(17f) Diffusion and Binding of RNase A in Dextran Polymeric Solutions Studied by Fluorescence Correlation Spectroscopy | AIChE

(17f) Diffusion and Binding of RNase A in Dextran Polymeric Solutions Studied by Fluorescence Correlation Spectroscopy

Authors 

Zustiak, S. P. - Presenter, Saint Louis University
Nossal, R. - Presenter, National Institute of Health
Sackett, D. - Presenter, National Institute of Health


The diffusion of molecules in the cytoplasm and nucleoplasm of cells has long been of interest in targeted drug delivery as well as in understanding basic cellular processes. Oftentimes one is concerned with the movement of charged molecules through a sea of much larger molecules and supramolecular assemblies, which is possibly affected by molecular crowding and charge-mediated binding. For small molecules such as certain metabolites and small proteins, an important parameter that describes cytoplasmic rheology is the translational diffusion coefficient. In this study we developed a model system in which the effects of both molecular crowding and charge-mediated binding on the movement of the molecules were addressed independently in a controlled manner. Using Fluorescence Correlation Spectroscopy (FCS), we measured the translational diffusion coefficient of the positively charged protein, RNase A, in polymeric solutions of dextrans of various charges. We observed that the diffusion of RNase A in a medium containing physiological strength, pH 7.0 phosphate-buffered saline, was unaffected by the presence of positively charged or neutral dextrans up to 10 mg/ml dextran.
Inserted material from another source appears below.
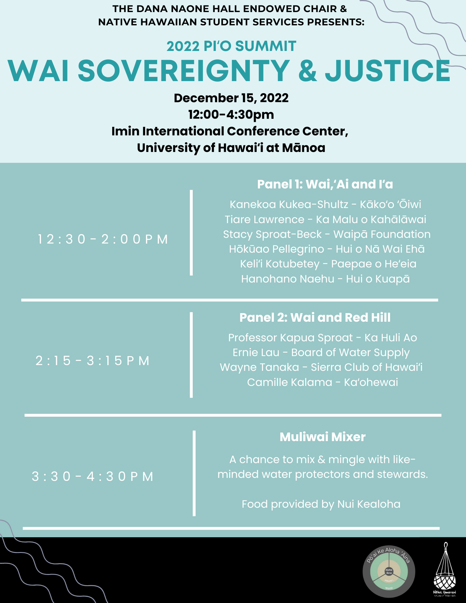Wai Sovereignty & Justice was chosen as the theme of our inaugural summit to draw attention and action to the current state of our wai, along with the constant threats our water resources are currently facing. Wai Sovereignty & Justice brought together esteemed community leaders, advocates, and truth speakers who are advancing aloha ʻāina and water justice. The summit consisted of two day-time panels, a networking mixer event and an evening keynote discussion.

Above this concentration, the movement was affected by crowding. On the other hand, the presence of negatively charged dextrans slowed the protein significantly, even at 0.1 mg/ml dextran. The rate of translational diffusion of RNase A decreased with an increase in the concentration of negatively-charged dextran. The amount of bound RNase A also increased until it reached equilibrium binding of ~90% bound RNase A at 5 mg/ml dextran. Binding of RNase to the negatively charged dextrans was further confirmed by ultrafiltration. The exact equilibrium dissociation constants also were determined.